■ What to do
Repeat every line of the data exactly, but not the pictures.

■ Information shown
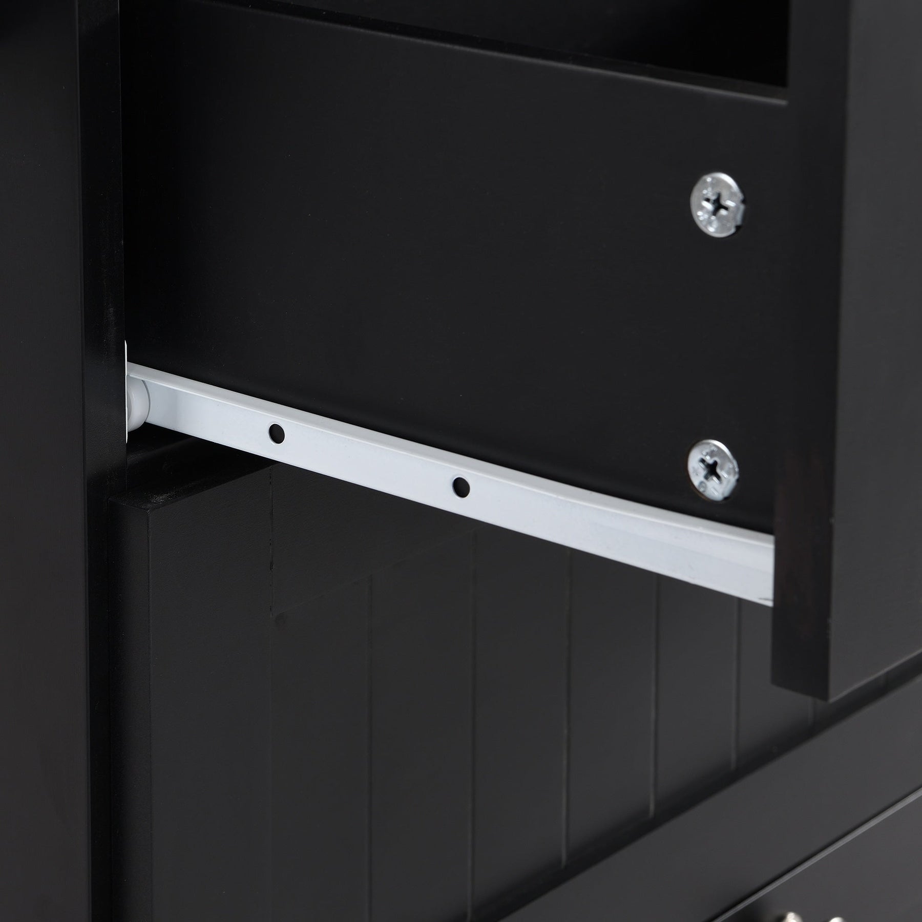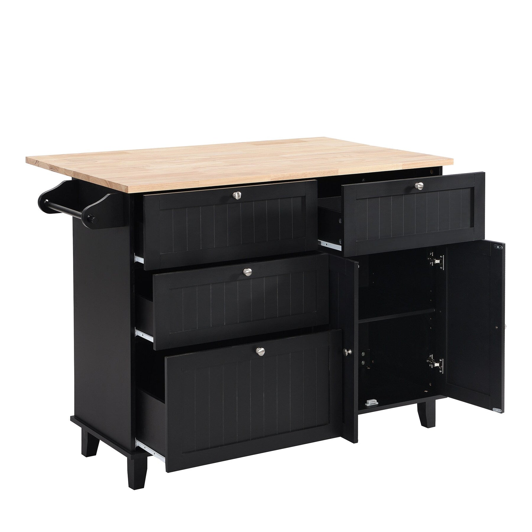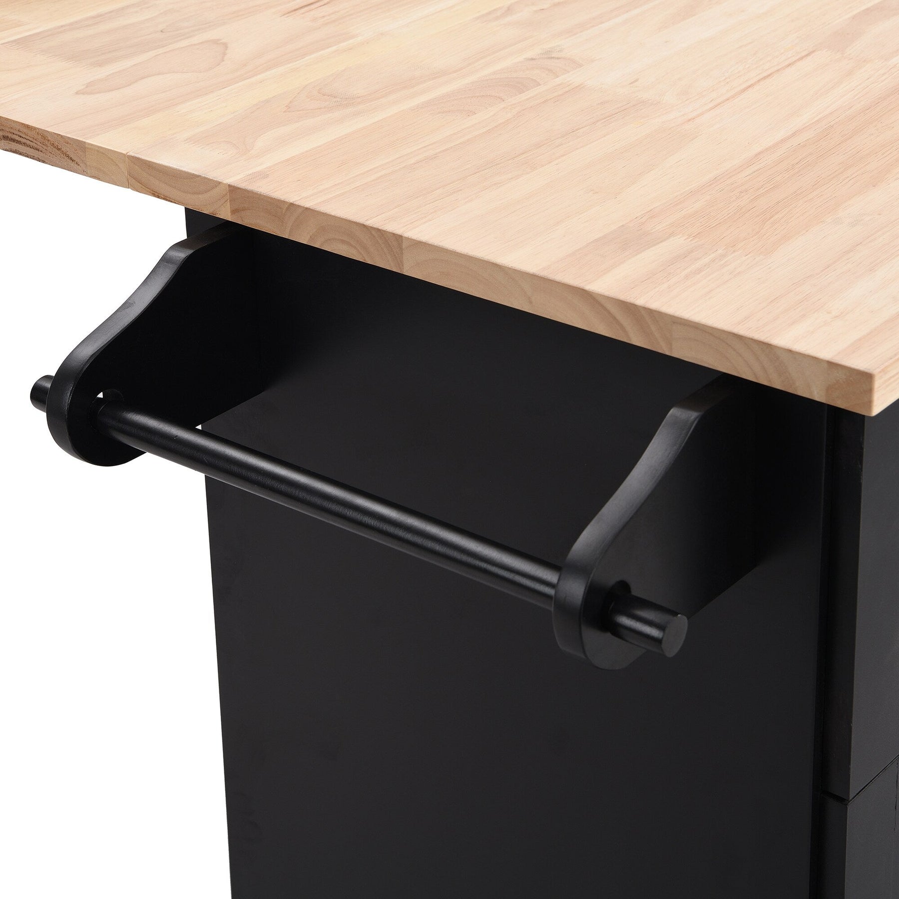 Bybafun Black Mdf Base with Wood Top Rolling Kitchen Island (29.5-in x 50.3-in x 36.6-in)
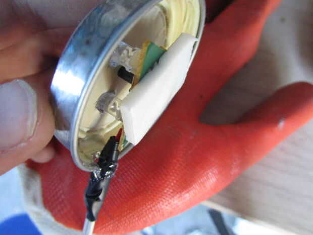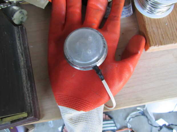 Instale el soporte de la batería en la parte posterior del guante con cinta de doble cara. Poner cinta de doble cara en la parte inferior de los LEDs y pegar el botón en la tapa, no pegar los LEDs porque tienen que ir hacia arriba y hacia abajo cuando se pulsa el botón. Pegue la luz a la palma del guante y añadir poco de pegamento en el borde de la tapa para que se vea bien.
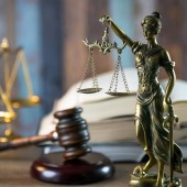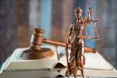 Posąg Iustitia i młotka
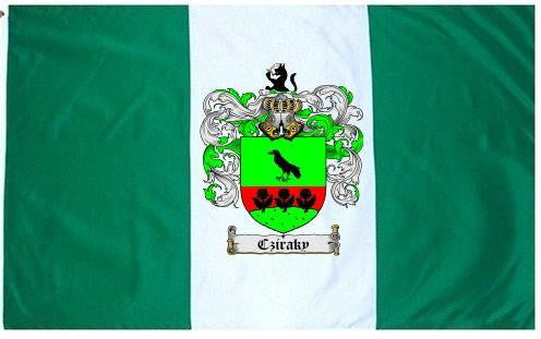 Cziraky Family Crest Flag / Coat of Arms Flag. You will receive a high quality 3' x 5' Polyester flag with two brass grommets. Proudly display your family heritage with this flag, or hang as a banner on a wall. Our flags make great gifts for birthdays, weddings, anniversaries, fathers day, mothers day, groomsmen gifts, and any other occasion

■ Answer space
 Bybafun Black Mdf Base with Wood Top Rolling Kitchen Island (29.5-in x 50.3-in x 36.6-in)
 Instale el soporte de la batería en la parte posterior del guante con cinta de doble cara. Poner cinta de doble cara en la parte inferior de los LEDs y pegar el botón en la tapa, no pegar los LEDs porque tienen que ir hacia arriba y hacia abajo cuando se pulsa el botón. Pegue la luz a la palma del guante y añadir poco de pegamento en el borde de la tapa para que se vea bien.
 Posąg Iustitia i młotka
 Cziraky Family Crest Flag / Coat of Arms Flag. You will receive a high quality 3' x 5' Polyester flag with two brass grommets. Proudly display your family heritage with this flag, or hang as a banner on a wall. Our flags make great gifts for birthdays, weddings, anniversaries, fathers day, mothers day, groomsmen gifts, and any other occasion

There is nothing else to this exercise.